Au terme de l'instruction, qui a porté également sur d'autres préventions que celles susmentionnées, B.H. a été renvoyé devant le Tribunal correctionnel du district du Val-de-Travers. Selon l'ordonnance de renvoi du 24 janvier 2000, il lui était notamment reproché d'avoir commis :
"VI une diminution effective de l'actif au préjudice des créanciers, une banqueroute frauduleuse
en novembre et décembre 1995
vendant et cédant contre une prestation de valeur manifestement inférieure des machines et engins, dont la totalité a été estimée à CHF 300'600.—par le Commissariat d'avaries (doss.769-770, annexe 43), à C. Sàrl, entreprise nouvellement créée le 1er novembre 1995 et dont un associé-gérant n'est autre que C.H., fils de B.H., pour un montant de CHF 167'000.—(doss.779-783)
ne facturant pas certains biens, représentant un montant de CHF 159'000.—selon l'estimation du prévenu au 12.3. 1993, à C. Sàrl (doss.781-782, annexes 43 in fine, 54-60)
faisant disparaître des biens dans la mesure où lors de l'ouverture de la faillite, il n'a été retrouvé aucun bien mobilier (doss.788)
et/ou détruisant les biens disparus (doss.783)
et/ou vendant les biens disparus sans que les recettes correspondantes ne soient portées au profit de H. SA (doss.783)
et/ou dissimulant les biens disparus (doss.187-190, 324-328)

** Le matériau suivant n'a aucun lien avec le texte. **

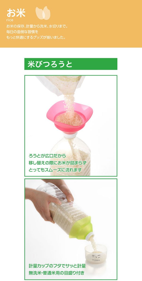 お米をペットボトルに保存している方におすすめ!ペットボトルへのお米の移し替え、冷蔵庫への保存、毎日の計量をもっと手軽に行えます。

diminuant effectivement et/ou fictivement son actif de manière à causer un dommage à ses créanciers
la faillite de H. SA ayant été prononcée le 2 février 1996
(doss.732-815)"
C. Par jugement du 15 mai 2000, le Tribunal correctionnel du district du Val-de-Travers a condamné B.H. à 3 mois d'emprisonnement avec sursis pendant 2 ans et une part de frais de justice arrêtée à 1'592.00 francs, le solde étant laissé à la charge de l'Etat, sans dépens. Il a retenu les préventions I (faux dans les titres concernant des attestations de paiement des cotisations d'assurances sociales), VIII (insoumission à une interdiction d'exploiter une piste de karting) et IX (établissement d'un faux devis des services industriels de Couvet et tentative d'escroquerie relative à une subvention du Sport-Toto). Le tribunal a abandonné les autres préventions, en particulier celle d'escroquerie et faux dans les titres au préjudice de E. (II), celle de détournement de cotisations d'assurances sociales (III) et celle de diminution effective de l'actif au préjudice des créanciers, banqueroute frauduleuse (VI).

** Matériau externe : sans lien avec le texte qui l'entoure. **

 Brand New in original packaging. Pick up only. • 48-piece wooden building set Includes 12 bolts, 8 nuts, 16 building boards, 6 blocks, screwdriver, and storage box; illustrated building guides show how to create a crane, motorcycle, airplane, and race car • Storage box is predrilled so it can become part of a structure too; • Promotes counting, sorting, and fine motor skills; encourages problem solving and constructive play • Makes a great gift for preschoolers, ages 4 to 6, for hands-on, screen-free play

S'agissant des cotisations d'assurances sociales, le tribunal a rappelé les déclarations du prévenu, selon lesquelles l'entreprise "disposait alors certes de liquidités, mais celles-ci étaient limitées et elles ont été utilisées en priorité pour payer les fournisseurs et permettre la continuation de l'activité de la société". Il relevait ensuite l'absence d'expertise spécifique quant aux faits relevant de l'article 87 al.3 LAVS et constatait que la société H. SA était surendettée dès 1992. Il en déduisait l'impossibilité de se convaincre "que la société du prévenu disposait au moment du versement des salaires des fonds nécessaires pour effectuer les déductions sociales".

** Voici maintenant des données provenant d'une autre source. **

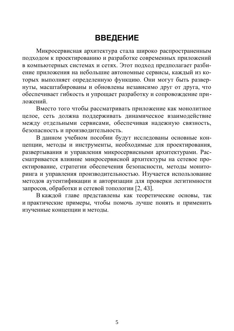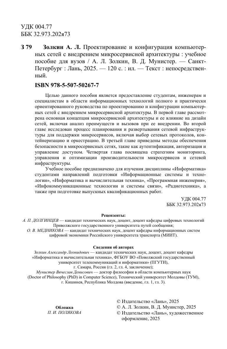 Целью данного пособия является предоставление студентам, инженерам и специалистам в области информационных технологий полного и практически ориентированного руководства по проектированию и конфигурации компьютерных сетей с внедрением микросервисной архитектуры. В первой главе рассмотрена основная концепция микросервисной архитектуры и ее влияние на дизайн сетей, включая анализ преимуществ и вызовов при ее внедрении. Во второй главе исследован процесс планирования и развертывания сетевой инфраструктуры для поддержки микросервисов, включая выбор сетевых протоколов, контейнеризацию и оркестрацию. В третьей главе приведены методы обеспечения безопасности в микросервисных сетях, такие как аутентификация, авторизация и управление доступом. Четвертая глава посвящена стратегиям мониторинга, управления и оптимизации производительности микросервисов и сетевой инфраструктуры. Учебное пособие предназначено для изучения дисциплины «Информатика» студентами направлений подготовки «Информационные системы и технологии», «Информатика и вычислительная техника», «Программная инженерия», «Инфокоммуникационные технологии и системы связи», «Радиотехника», а также при подготовке выпускных квалификационных работ.

Quant aux préventions de banqueroute frauduleuse ou/et diminution effective de l'actif au préjudice des créanciers, le tribunal se référait aux explications données en audience par le représentant du Ministère public, lequel distinguait, d'une part, la vente de machines et engins pour 167'000.00 francs alors qu'ils valaient 300'600.00 francs et, d'autre part, la disparition de différents biens pour 159'000.00 francs, au sujet desquels le substitut du procureur abandonnait ensuite la prévention, vu les explications du prévenu. Le tribunal en déduisait qu' "il n'est donc pas reproché au prévenu d'avoir simulé la vente des machines et engins avec C. Sàrl". Retenant que le prévenu avait vendu à C. Sàrl, au prix de 167'000.00 francs, des biens ultérieurement estimés à 195'480.00 francs, en valeur de liquidation (alors que leur valeur d'exploitation était de 300'600.00 francs), le tribunal a considéré qu'une telle vente ne réalisait pas les conditions objectives et subjectives d'application de l'article 164 CP.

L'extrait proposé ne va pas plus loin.